# Pag-



## romelako

Hello everyone.  I just had a question regarding the *proper* usage of the prefix "pag-"  Now, I do understand that it means "When..." but I'm am unsure of it's actual syntax.  I don't know if you're supposed to conjugate the verb, or leave it in the infinitive.  I'm kind of guessing at this point, so if you could correct me, that would be great.

  "Pag-gising ka, punta ka sa bahay ko."
 "When you wake up, go to my house."

  So, could anyone please enlighten me?  Thanks a bunch.


----------



## niernier

You forgot "na" on your sample sentence. That should be,

Pag-gising ka na, punta ka sa bahay ko.
When you wake up, go to my house. (literally, "if you are already awake")

Or you can also use mo,

Pag-gising mo, punta ka sa bahay ko.


This one is tricky. The conjugation which uses _mo_, *pag*-gising mo(when you wake up) can also be *pagka*gising mo(after you wake up). However, either of the two sounds just fine.

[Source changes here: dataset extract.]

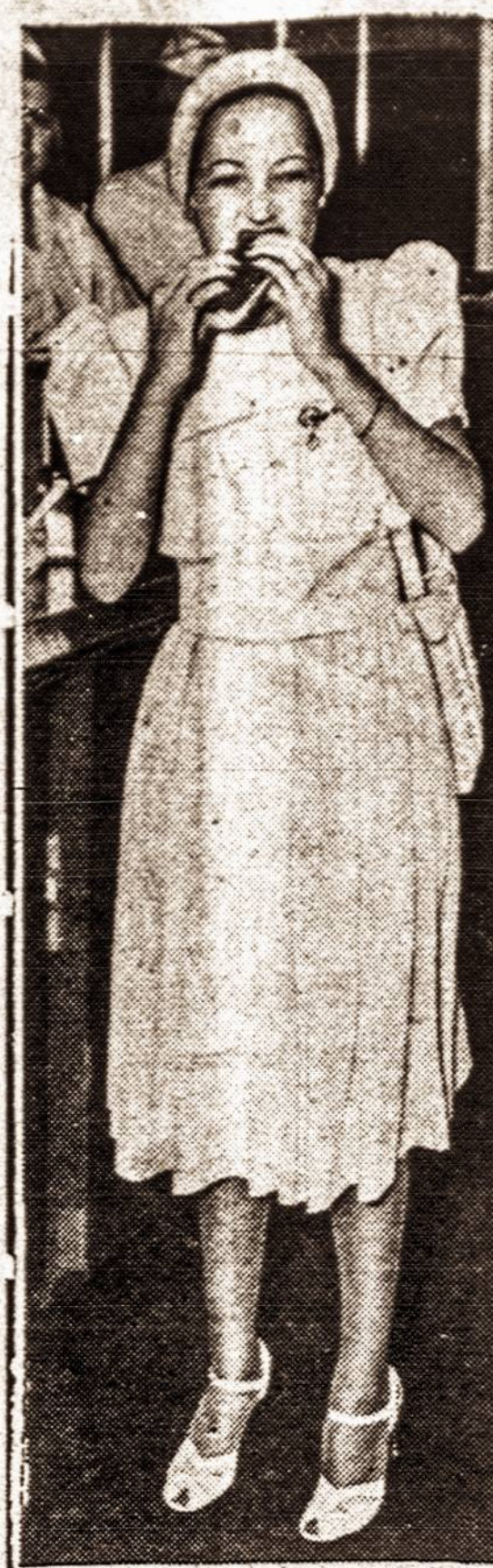
Pasivaikščiojus po Pasaulinę Parodą reikia ir pasitiprinti.

Advokatas 58 COURT STREET, Brooklyn, N. Y. TEL: TRIANGLE 3-622 168 GRAND STREET, TEL: EVERGREEN 8-719

There are many uses of pag- prefix because you also have to consider if there is a duplication of the first syllable of the root verb or if there are other affixes used that go together with pag-. Also pag- is a contraction of kapag(when..)

1. pag- as a contraction of kapag(when) used to express a condition prior to doing something else

*Kapag* nakita mo siya, tawagan mo ako.
*Pag*nakita mo siya, tawagan mo ako.
(when you see him, call me.)


2. pag- prefix that transforms a verb into a noun as in the suffix (-ing) in English.
Notice the duplication of the first syllable of the root verb.

pag-*a*aral ( studying )
pag*li*linis ( cleaning )
pag*tu*turo ( teaching )
pag*la*laro ( playing )

Mahirap ba ang pag-aaral ng Tagalog?
Is studying Tagalog difficult?


That is all for now. There could be other uses that I failed to mention. Feel free to ask.


----------



## rockjon

Pag also occurs on some of the conjugations of Tagalog verbs depending on the root word.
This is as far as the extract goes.